> [About this task]:
Set down exactly, from the records below, the line with "とりあえずこれは紐を付けてオ" through the line with "43.- A lo largo", and nothing else.

*** Opening Record extracts ***

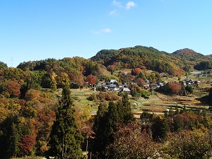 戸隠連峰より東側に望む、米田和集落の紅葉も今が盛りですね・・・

*** Closing Record extracts ***
*** Opening Record extracts ***

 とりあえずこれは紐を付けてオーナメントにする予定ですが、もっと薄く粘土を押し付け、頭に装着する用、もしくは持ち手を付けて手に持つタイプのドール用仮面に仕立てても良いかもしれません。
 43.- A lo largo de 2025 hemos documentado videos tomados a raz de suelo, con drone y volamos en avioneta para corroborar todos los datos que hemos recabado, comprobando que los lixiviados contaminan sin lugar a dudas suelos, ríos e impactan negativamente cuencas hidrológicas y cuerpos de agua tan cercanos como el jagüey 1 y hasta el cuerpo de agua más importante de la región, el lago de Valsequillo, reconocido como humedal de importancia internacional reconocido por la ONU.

*** Closing Record extracts ***

> [Result for this exercise]:
 とりあえずこれは紐を付けてオーナメントにする予定ですが、もっと薄く粘土を押し付け、頭に装着する用、もしくは持ち手を付けて手に持つタイプのドール用仮面に仕立てても良いかもしれません。
 43.- A lo largo de 2025 hemos documentado videos tomados a raz de suelo, con drone y volamos en avioneta para corroborar todos los datos que hemos recabado, comprobando que los lixiviados contaminan sin lugar a dudas suelos, ríos e impactan negativamente cuencas hidrológicas y cuerpos de agua tan cercanos como el jagüey 1 y hasta el cuerpo de agua más importante de la región, el lago de Valsequillo, reconocido como humedal de importancia internacional reconocido por la ONU.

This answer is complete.